1. Introduction
With the deepening of controlled nuclear fusion research, higher real-time performance and better filtering effect requirements have been put forward for its power supply system [
1].Among the critical subsystems of the Experimental and Advanced Superconducting Tokamak (EAST), the fusion magnet power system plays a key role in providing support for plasma generation, confinement, and control. However, due to the high-power state in which the fusion magnet power supply operates, the surrounding magnetic field environment is complex, and the current feedback signal is often contaminated with noise, mostly white noise. Therefore, filtering the current feedback signal is indispensable. As a result, a fast and effective real-time filtering algorithm for current feedback signals is essential for the fusion magnet system’s security.

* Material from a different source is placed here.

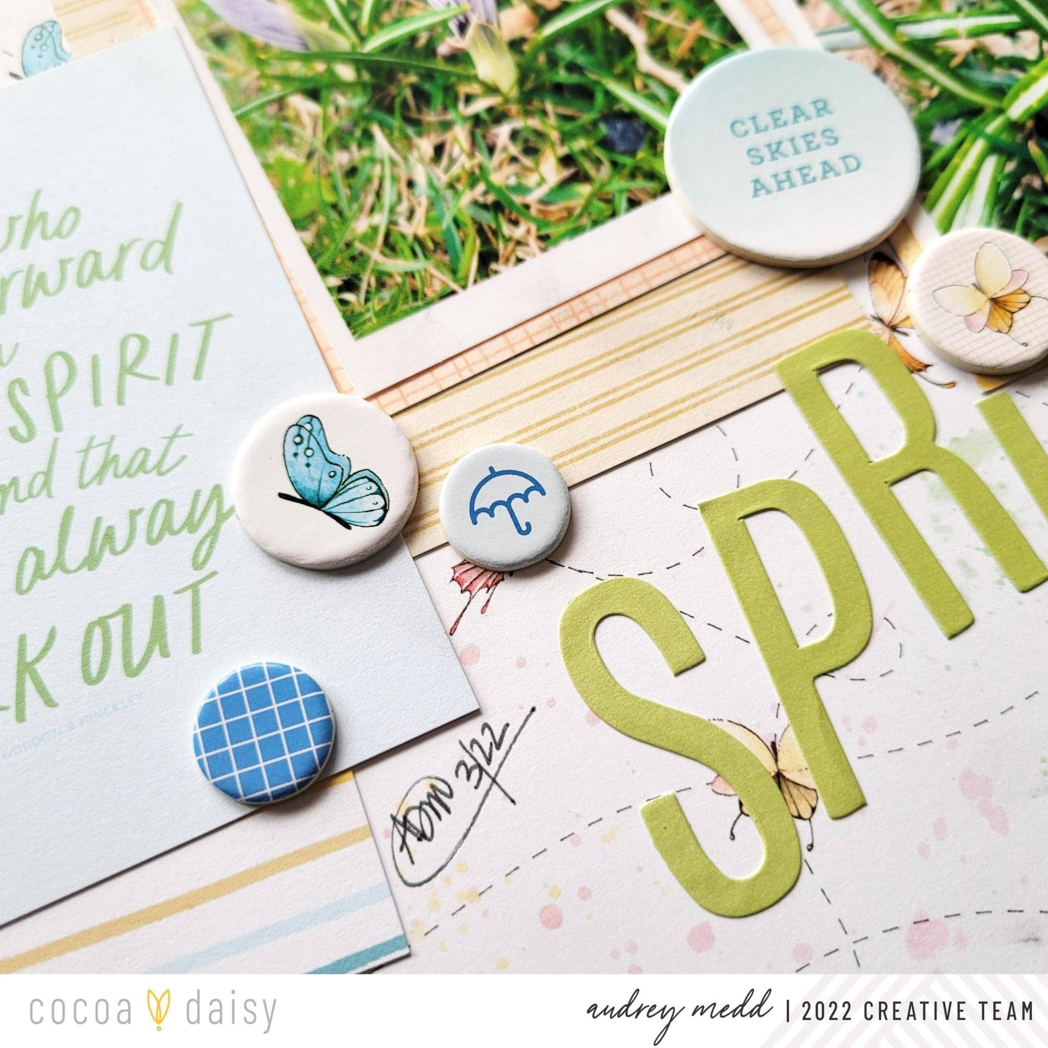 Next, I added some dimension with the chipboard circles found in the Meadow Travelers Notebook Memory Keeping Kit and the Meadow Modern Memory Keeping Kit I clustered them in twos and threes around the page using some sentiments that welcome spring and some things to find in spring, such as rain and bunnies.

Filtering algorithms have been extensively studied by numerous scholars. The traditional method, based on discrete Fourier transform, is simple to implement [
2,
3] and is usually used for spectrum analysis and harmonic removal. However, it is more applicable to the analysis of smooth signals, and does not work well for time-varying signals. Short-time Fourier transform (STFT) [
4] compensates for this deficiency by using time–frequency windows to localize instantaneous features. Nevertheless, its fixed resolution restricts its usefulness. In recent studies, researchers have proposed combining STFT with convolutional neural networks [
5], normative methods [
6], and integrated learning for noise-containing signal processing for intelligent island detection. Despite their effectiveness in extracting signal features, machine learning-based methods have the drawbacks of having many network parameters and requiring large amounts of data for training. The authors of [
7] used empirical modal decomposition (EMD) for multiresolution filtering, which does not use external basis functions for the decomposition but instead uses the time-scale difference of the local extremum points. However, this method suffers from problems such as modal aliasing and endpoint effects.While computationally complex filtering algorithms are practical, they have low real-time performance, and pose a risk of phase lag. Critical issues related to phase lag include plasma loss of control and power supply emergency failure, among others. On the other hand, computationally simple filtering algorithms are poorly filtered and cannot be adopted. All of the aforementioned methods have poor real-time performance, filter nonsmooth signals ineffectively, and produce significant phase lags that impair tracking performance.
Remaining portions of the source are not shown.